Breeders screen germplasm with molecular markers to
identify and select individuals that have desirable alleles. In the SunGrains
collaborative breeding group in the southern United States, genotyping-by-sequencing
(GBS) is conducted annually in the F5:7 generation to identify
single nucleotide polymorphisms (SNPs) for use in genomic selection. Subsequently, a reduced number of F5:9
generation lines are screened with markers for 60 QTL via Kompetitive allele
specific PCR (KASP). The objective of
this research was to investigate if major effect QTL can be accurately called
in F5:7 generation breeding lines by using the SNPs derived by GBS. In
2020 and 2021, 2376 and 3423 SunGrains lines submitted for GBS were genotyped
via KASP for the Fusarium head blight QTL: Fhb1 from ‘Sumai 3’,
Qfhb.vt-1B from ‘Jamestown’, and Qfhb.nc-1A and Qfhb.nc-4A
from ‘NC-Neuse’. In parallel, data was compiled from the 2011-2020 Southern
Uniform Winter Wheat Scab Nursery (UFHBN), which had been screened for the same
QTL via KASP, sequenced via GBS, and phenotyped for: severity (SEV), percent Fusarium
damaged kernels (FDK), deoxynivalenol content (DON), plant height, and heading
date. Three machine learning models were evaluated: random forest, k-nearest
neighbors, and gradient boosting machine. The SunGrains data was randomly partitioned
into training-testing splits. The QTL call and 100 most correlated GBS SNPs on
the chromosome containing the QTL were used for training and k-fold cross
validation tuning for each model. The cross-validated machine learning models
were used to predict QTL calls in the testing partition of the SunGrains lines
and the UFHBN. Phenotypic data and observed QTL calls were compared to
predictive QTL calls in the UFHBN. Random subsetting of training and testing partitions
in the SunGrains material, prediction of QTL calls in the SunGrains testing partitions
and UFHBN, and estimation of QTL call effects were repeated 20 times and
results were averaged.
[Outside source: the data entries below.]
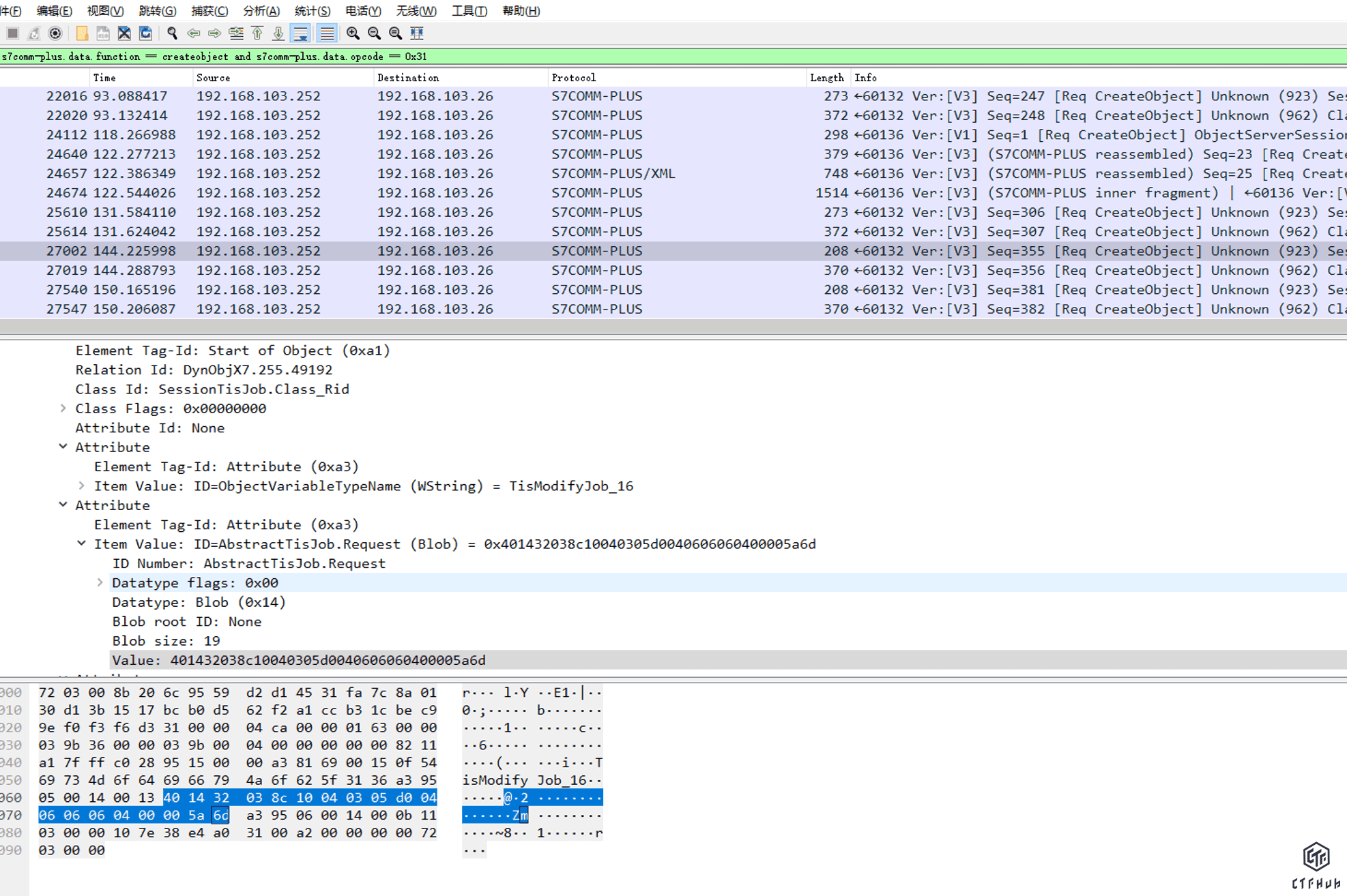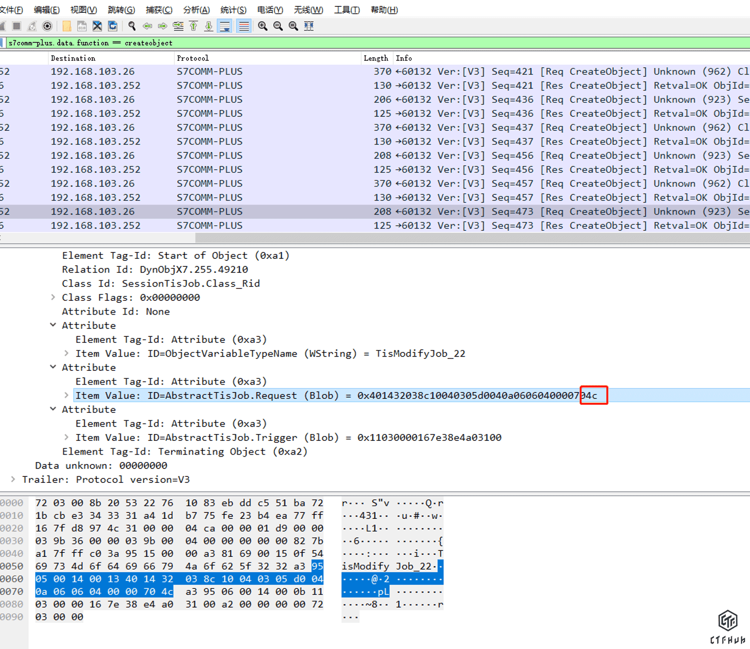 过滤s7comm-plus.data.function == createobject,发现有写操作
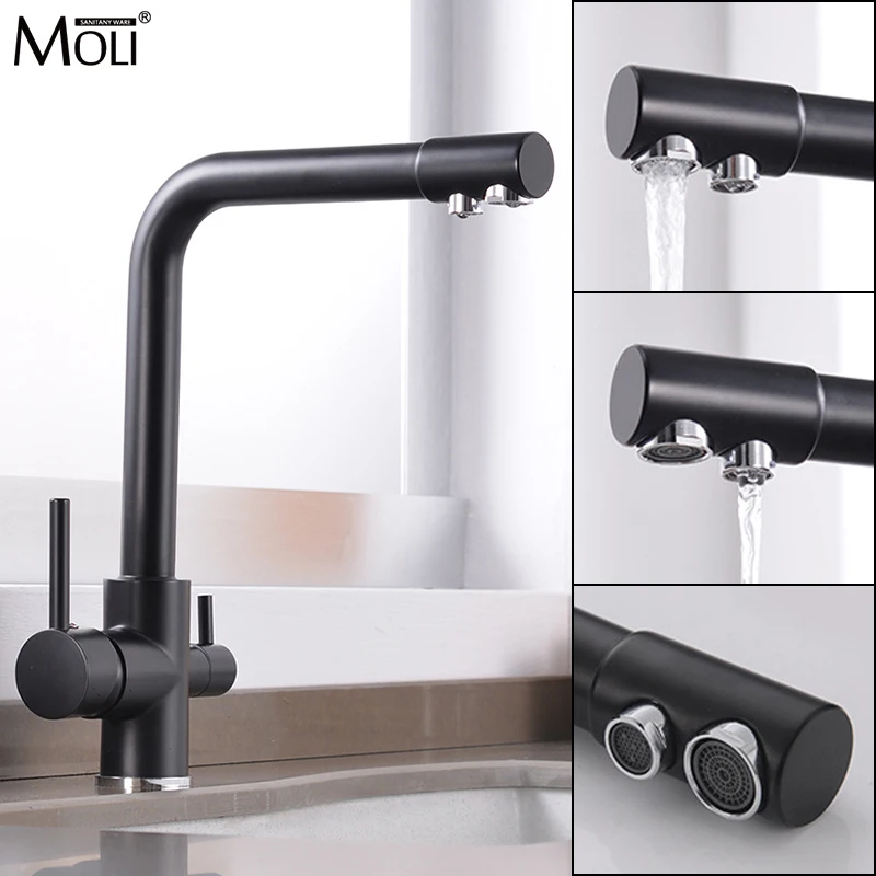 MOLI-robinet de cuisine eau filtrée Double Angle droit Rotation de 360 degrés robinet en laiton pour évier mélangeurs ML91
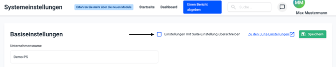 Bitte beachten Sie, dass die Systemeinstellungen in der Suite auf alle Module übertragen werden können. In den Systemeinstellungen der verschiedenen Module kann darauf ausgewählt werden, ob die Suite Systemeinstellungen übernommen werden sollen oder ob eine individuelle Anpassung für das bestimmte Modul vorgenommen werden soll.
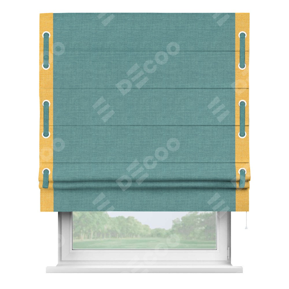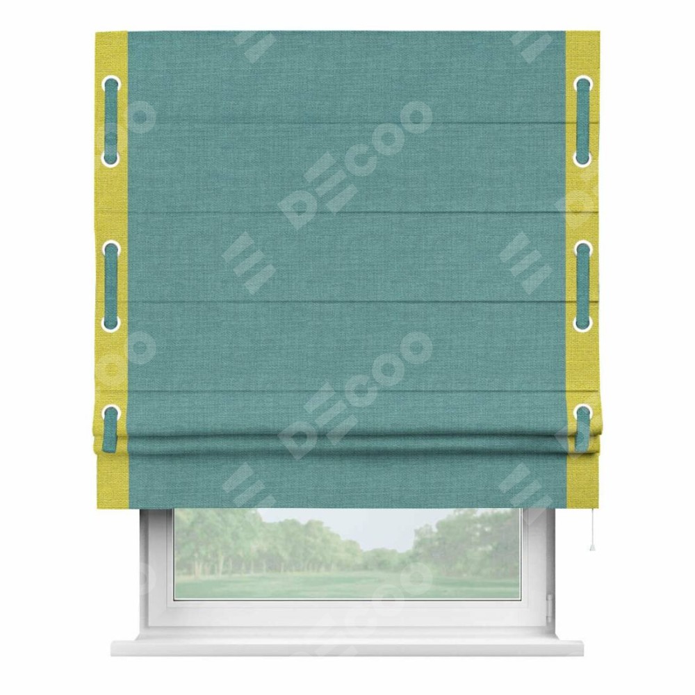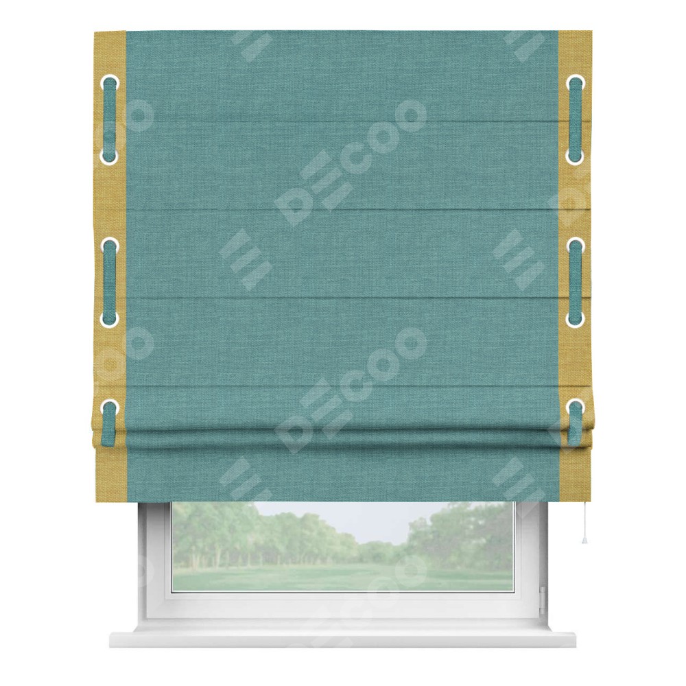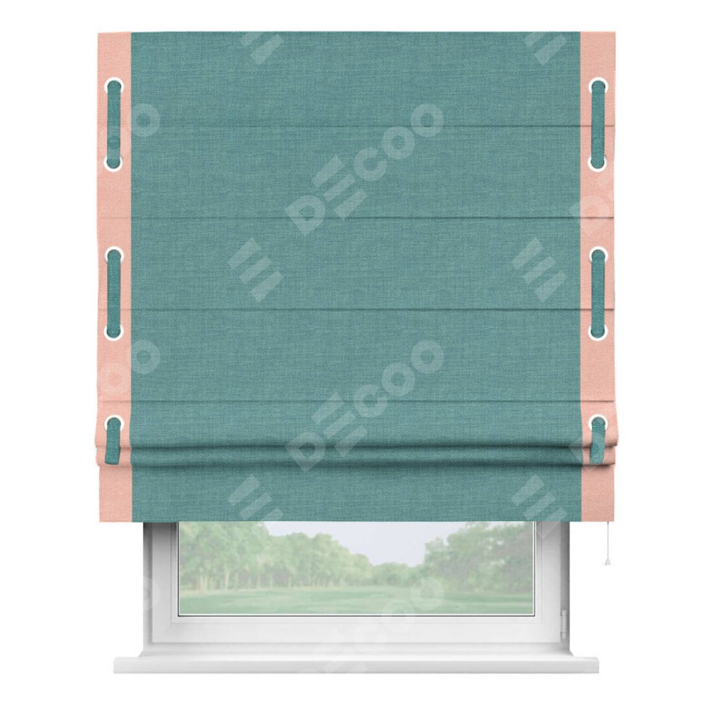 Римская штора производителя «Cortin», используется для проёма, пошита из ткани лён бирюза, артикул 7446. Отделка шторы кантом «Стрим Дуо» на кантах расположены люверсы с пояском, ткань для канта используется из льна разной расцветки на выбор. Ткань для пояска обычно используется из основной ткани шторы, а так же можно сделать из любой расцветки по желанию. Имеет универсальный механизм и подходит для монтажа: на потолок, на стену и в нишу.

The average predictive accuracies for Fhb1 calls
in the 2020 SunGrains testing partitions ranged from 97.2 - 98.9%. The observed
Fhb1 call estimated effects for SEV, FDK, DON, plant height, and heading
date in the UFHBN were not significantly different from any of the predicted Fhb1
call effects. Similar results were observed in the 2021 SunGrains and UFHBN
populations. This indicates that machine learning may be utilized in breeding
programs to accurately estimate QTL calls in earlier generation germplasm via a
GBS and KASP genotyped training population.